━━ GIVEN INFORMATION
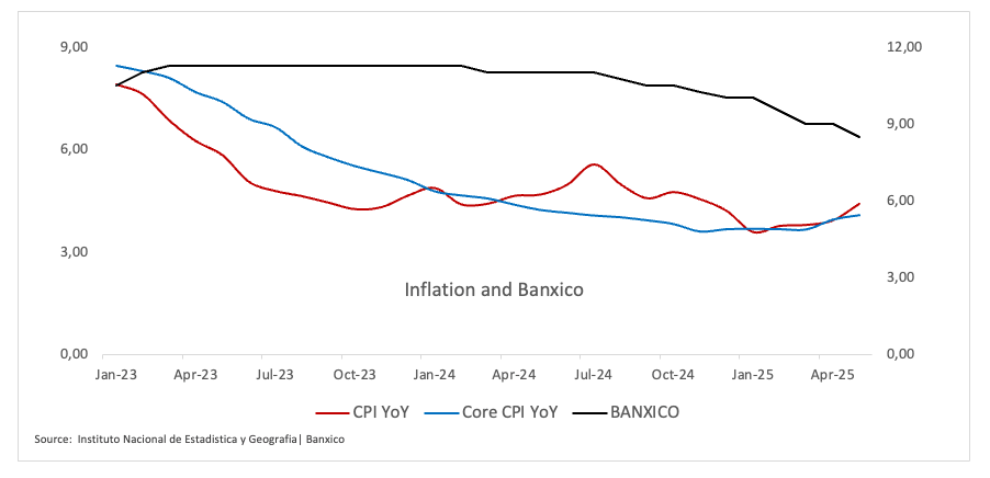 At its May 15 policy meeting, Banxico lowered its interest rate by half percentage point to 8.50% in a unanimous vote, at the same time leaving the door open to further rate cuts depending on the progress around inflation.
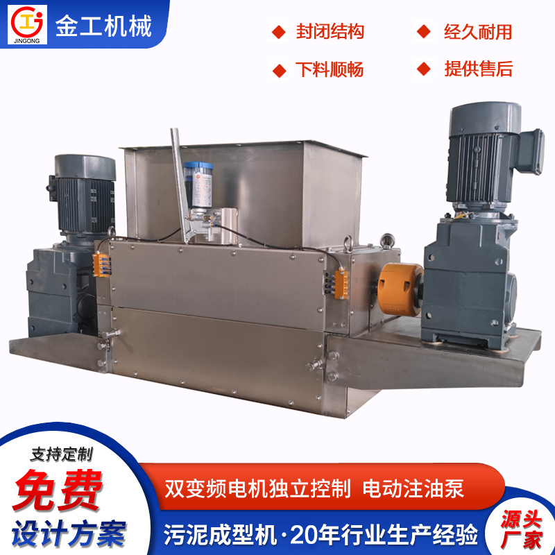 工作原理:是由两根方槽的刀轴互相啮合做相向运动,压滤过的污泥(含水率83%-45%)随着刀轴转动挤压在刀槽里形成方矩形,污泥随着刀轴转动由泥梳把它从刀槽铲刮出来,形成方条。
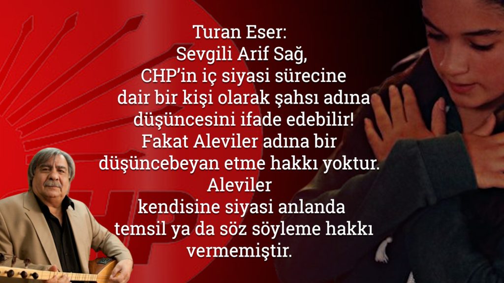 ⌈Turan Eser⌉ Arif Sağ, CHP’in iç siyasi sürecine dair bir kişi olarak şahsı adına düşüncesini ifade edebilir.Fakat Aleviler adına bir...
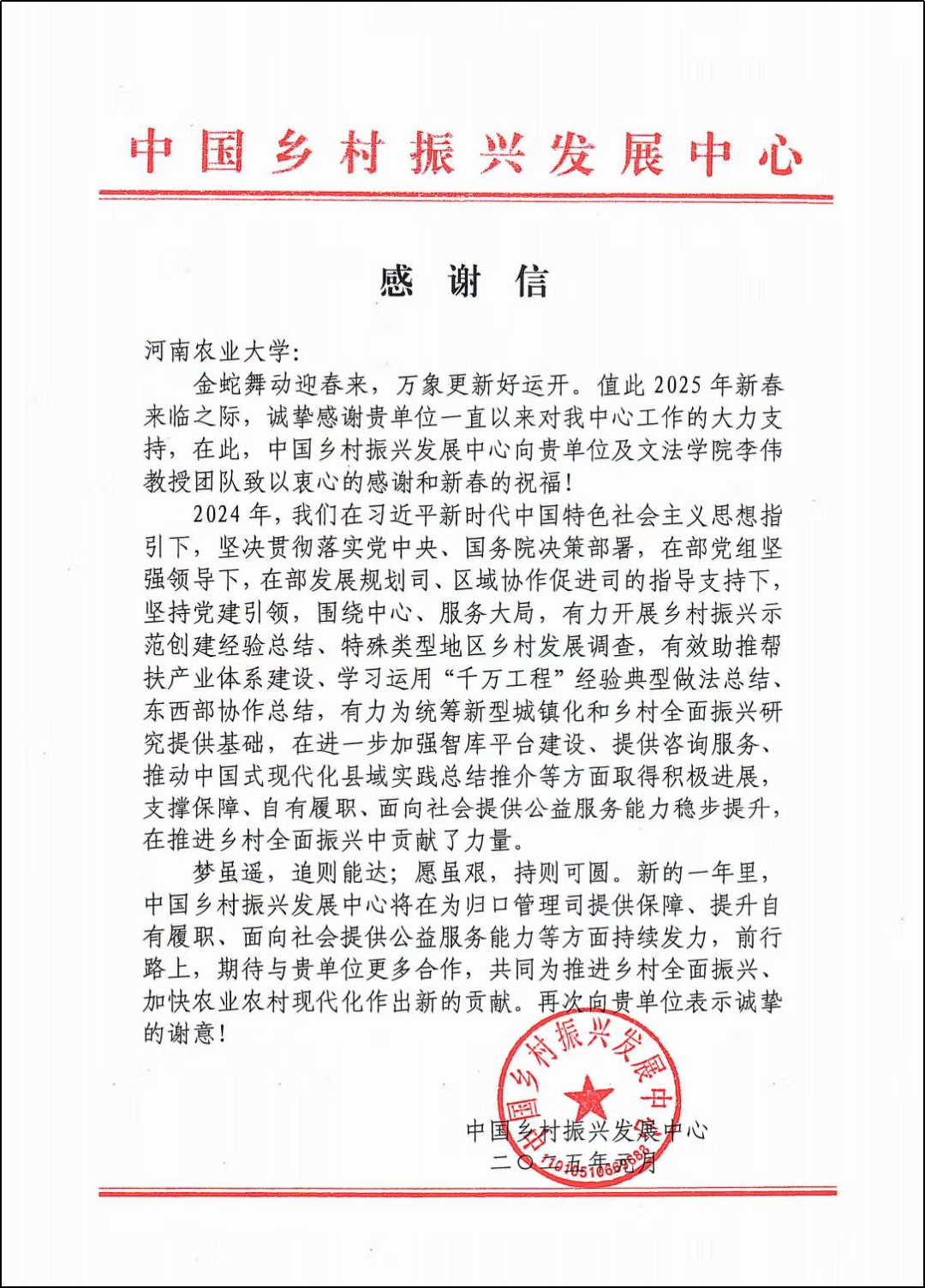 收到了中国乡村振兴发展中心发来的感谢信,信中对绿帽小说
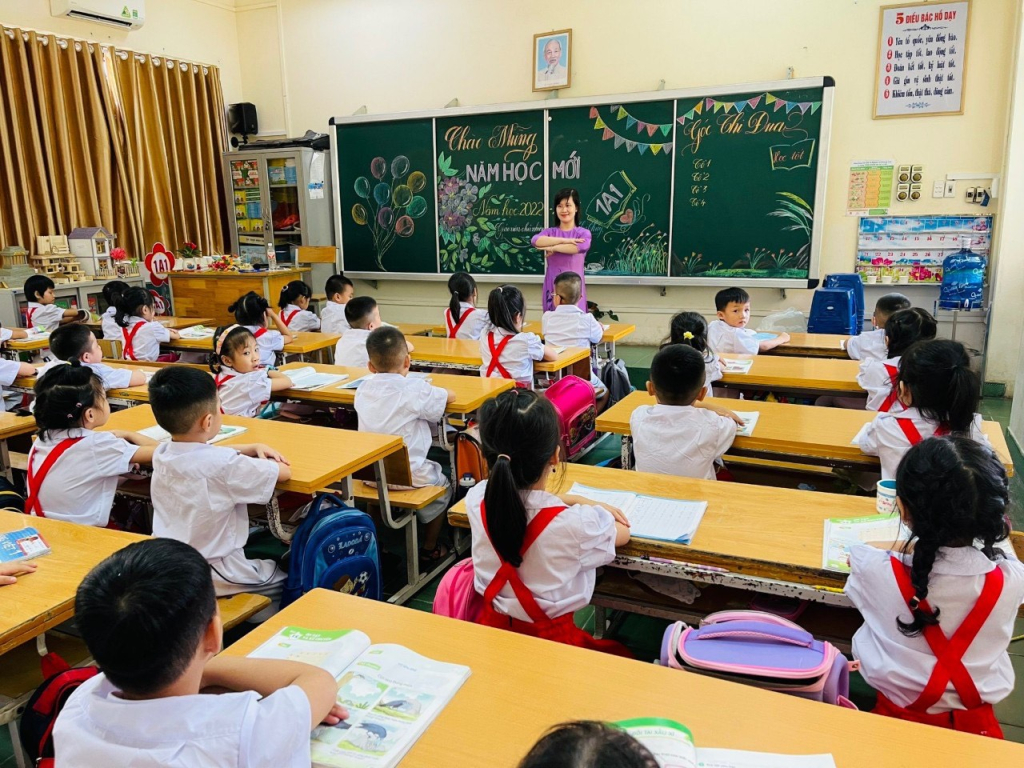 Cô và trò Trường Tiểu học Hà Lầm (TP Hạ Long) học nền nếp đầu năm học.
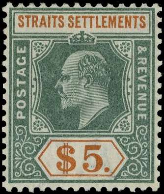 MALAYA STRAITS SETTLEMENTS SG 121 1902-03 $5 WMK CA O.G.
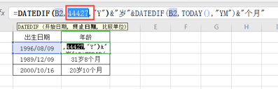 按下回车键后,就能得到精确到月的年龄差值啦。这里的计算逻辑是,datedif函数会忽略日期中的日部分,只计算起始日期和结束日期的月份差。
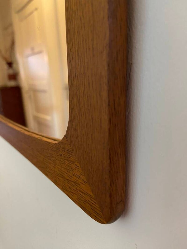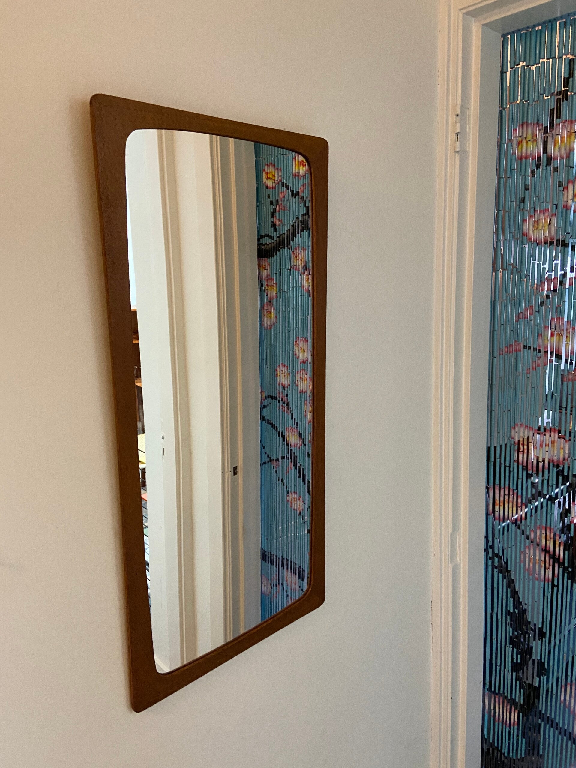 Mooie Deense grote spiegel in teakhouten lijst. De spiegel is in mooie staat.
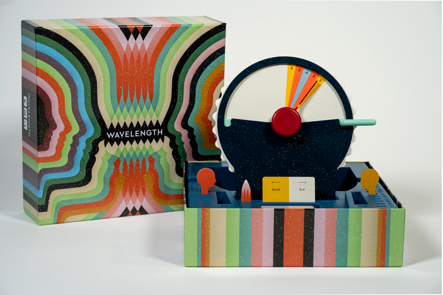 Wavelength is a social guessing game in which two teams compete to read each other's minds. Teams take turns rotating a dial to where they think a hidden bullseye is located on a spectrum. One of the players on your team — the Psychic — knows exactly where the bullseye is, and draws a card with a pair of binaries on it (such as: Job - Career, Rough - Smooth, Fantasy - Sci-Fi, Sad Song - Happy Song, etc). The Psychic must then provide a clue that is *conceptually* where the bullseye is located between those two binaries.
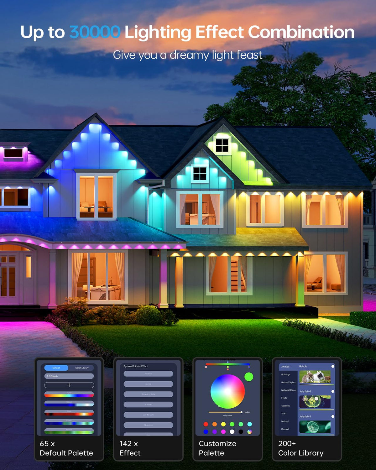 - 【Over 30,000 Lighting Effect Combinations】ASAHOM permanent outdoor lights combine 289pcs color palette with 142pcs effects to freely match more than 30,000 dynamic lighting effect combinations. Also support create favorite color palette to customize own lighting mood. And set different lighting effects and color for multiple zones.
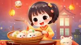 端午节可爱的小女孩和一条巨龙开心的划船游湖
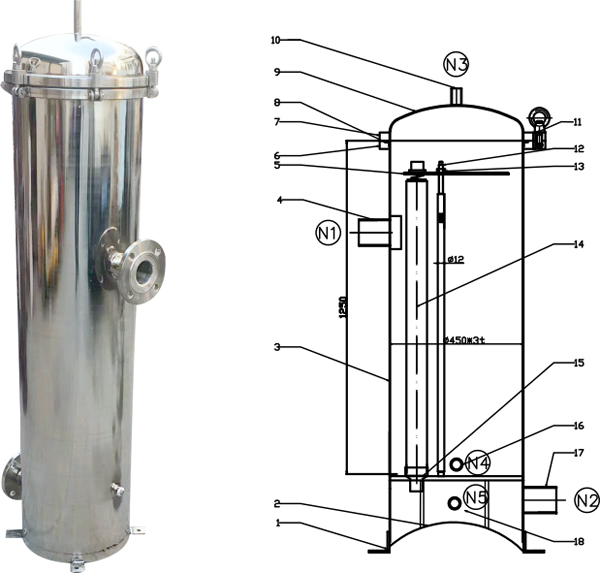 本過濾器由簡體與管板組成,管板內(nèi)微孔由PE管排列而成,裝在密閉筒體內(nèi),被過濾介質(zhì)側(cè)面進入體內(nèi),通過濾棒進行過濾,液體從底部排出,濾渣經(jīng)’壓縮空氣反吹"或“氣液混合反吹法”排出。它廣泛地應用于化工、制藥、紡織、化工、冶金、機械、電鍍等行業(yè),同時可用于水或廢水過濾,水與溶液等液體的精密過濾或精密復濾。精密過濾器按照客戶需要加工定做。
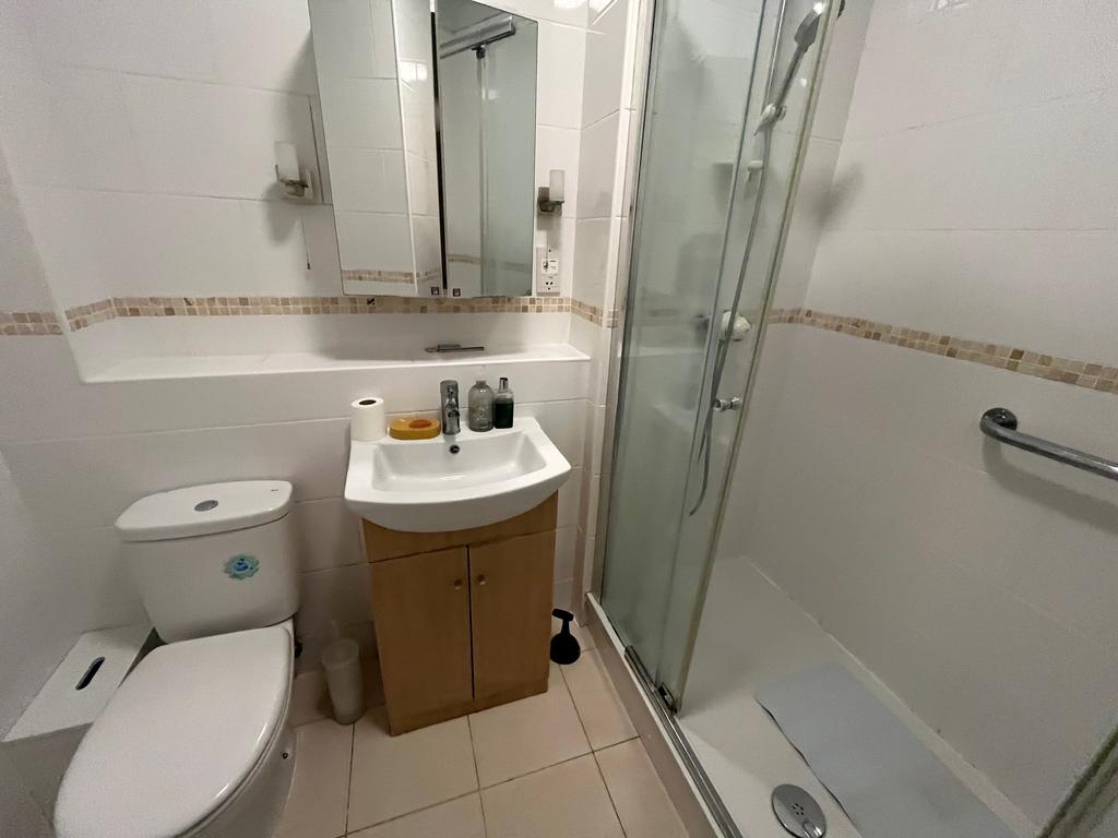 SHOWER ROOM: Vanity wash basin with mixer tap and low level W.C., with tiled surrounds, radiator, extractor unit, mirrored cupboard, shower cubicle with mains shower unit, fully tiled surround.
━━━━
Give back the data exactly, with no images.

 At its May 15 policy meeting, Banxico lowered its interest rate by half percentage point to 8.50% in a unanimous vote, at the same time leaving the door open to further rate cuts depending on the progress around inflation.
 工作原理:是由两根方槽的刀轴互相啮合做相向运动,压滤过的污泥(含水率83%-45%)随着刀轴转动挤压在刀槽里形成方矩形,污泥随着刀轴转动由泥梳把它从刀槽铲刮出来,形成方条。
 ⌈Turan Eser⌉ Arif Sağ, CHP’in iç siyasi sürecine dair bir kişi olarak şahsı adına düşüncesini ifade edebilir.Fakat Aleviler adına bir...
 收到了中国乡村振兴发展中心发来的感谢信,信中对绿帽小说
 Cô và trò Trường Tiểu học Hà Lầm (TP Hạ Long) học nền nếp đầu năm học.
 MALAYA STRAITS SETTLEMENTS SG 121 1902-03 $5 WMK CA O.G.
 按下回车键后,就能得到精确到月的年龄差值啦。这里的计算逻辑是,datedif函数会忽略日期中的日部分,只计算起始日期和结束日期的月份差。
 Mooie Deense grote spiegel in teakhouten lijst. De spiegel is in mooie staat.
 Wavelength is a social guessing game in which two teams compete to read each other's minds. Teams take turns rotating a dial to where they think a hidden bullseye is located on a spectrum. One of the players on your team — the Psychic — knows exactly where the bullseye is, and draws a card with a pair of binaries on it (such as: Job - Career, Rough - Smooth, Fantasy - Sci-Fi, Sad Song - Happy Song, etc). The Psychic must then provide a clue that is *conceptually* where the bullseye is located between those two binaries.
 - 【Over 30,000 Lighting Effect Combinations】ASAHOM permanent outdoor lights combine 289pcs color palette with 142pcs effects to freely match more than 30,000 dynamic lighting effect combinations. Also support create favorite color palette to customize own lighting mood. And set different lighting effects and color for multiple zones.
 端午节可爱的小女孩和一条巨龙开心的划船游湖
 本過濾器由簡體與管板組成,管板內(nèi)微孔由PE管排列而成,裝在密閉筒體內(nèi),被過濾介質(zhì)側(cè)面進入體內(nèi),通過濾棒進行過濾,液體從底部排出,濾渣經(jīng)’壓縮空氣反吹"或“氣液混合反吹法”排出。它廣泛地應用于化工、制藥、紡織、化工、冶金、機械、電鍍等行業(yè),同時可用于水或廢水過濾,水與溶液等液體的精密過濾或精密復濾。精密過濾器按照客戶需要加工定做。
 SHOWER ROOM: Vanity wash basin with mixer tap and low level W.C., with tiled surrounds, radiator, extractor unit, mirrored cupboard, shower cubicle with mains shower unit, fully tiled surround.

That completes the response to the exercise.